At Uni I was taught that the opposite is true. It's much more dangerous to make something not null without reason. With a nullable field the worst thing that can happen is you trip over the application accessing the data. Oh dear, go back and fix the app...

With a not-null field you make it impossible to add record because some arbitrary field isn't available. Now you need to change the data model and potentially fix the result in a LOT of different places...

It's good to think of null as "unknown". If there's any plausible reason why you might want to enter a record without knowing something then it should be nullable.

One of my university lecturers described it like this:

Apocryphally I've heard of a sales system in the USA which required customer's social security number to make a sale. All the till operators did when a foreigner came to the till was enter 000-00-0000. But then others would enter 123-45-6789. This makes it impossible to identify junk. It's much better to allow a field to be blank than to force it to contain junk.

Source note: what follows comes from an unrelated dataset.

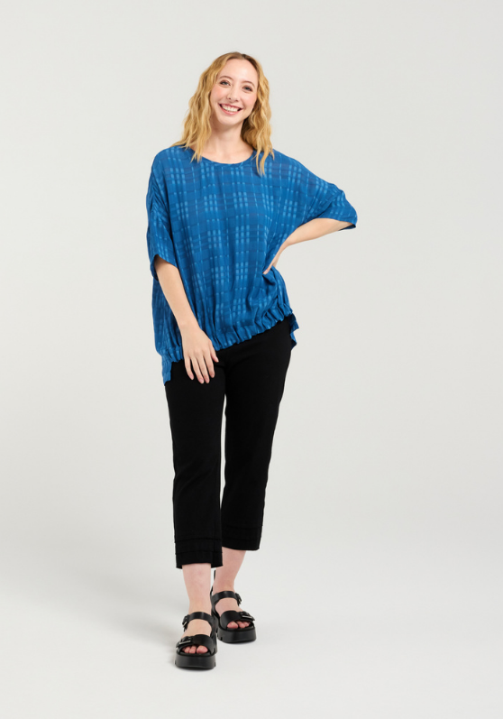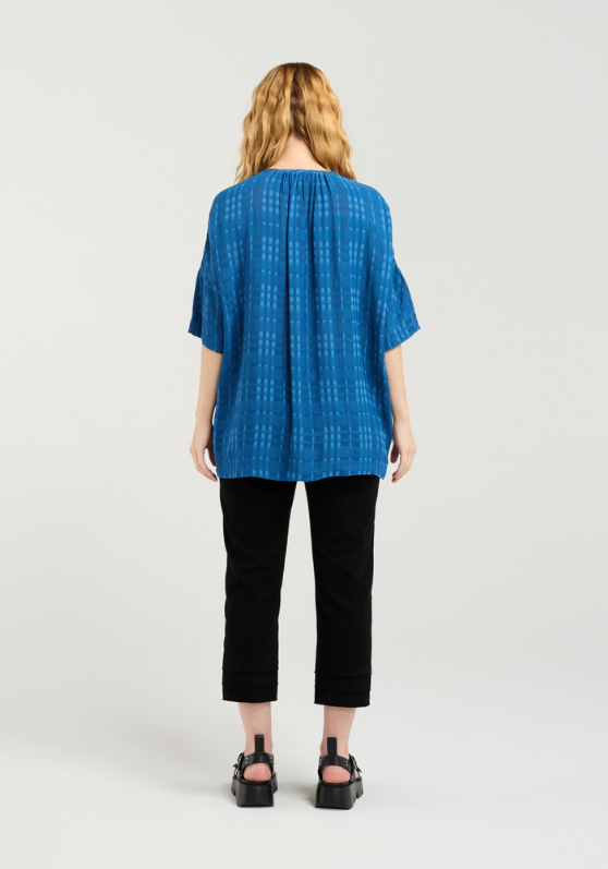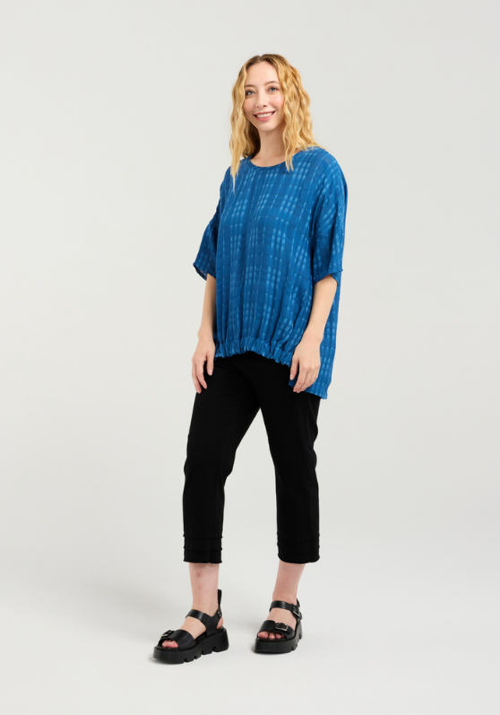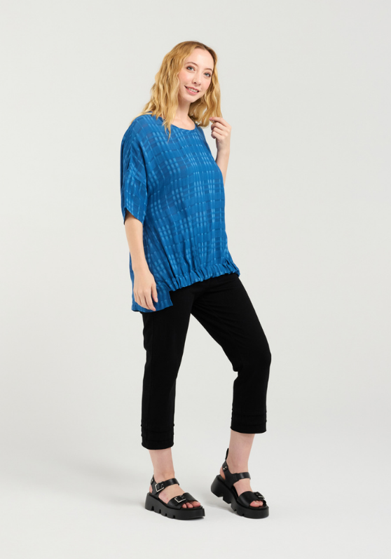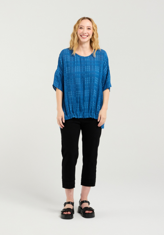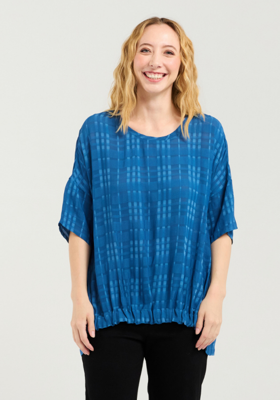 Our timeless top with a gathered front waistband and slightly longer finish in the back with a subtle plaid as an added detail.

Or another story. I have genuinely been refused car insurance because I don't have two phone numbers. They absolutely would not give me insurance unless I gave them two. The sales guy suggested I just give a false one. In the end I refused to lie to an insurer and just went with another company.

In practice reserve not null for fields which are required to make sense of the record. For example:

A table of places with fields (ID, Place Name, Country, Longitude, Latitude) ... "longitude" "latitude" should be nullable so that you can store the existence of a place before you know where it is.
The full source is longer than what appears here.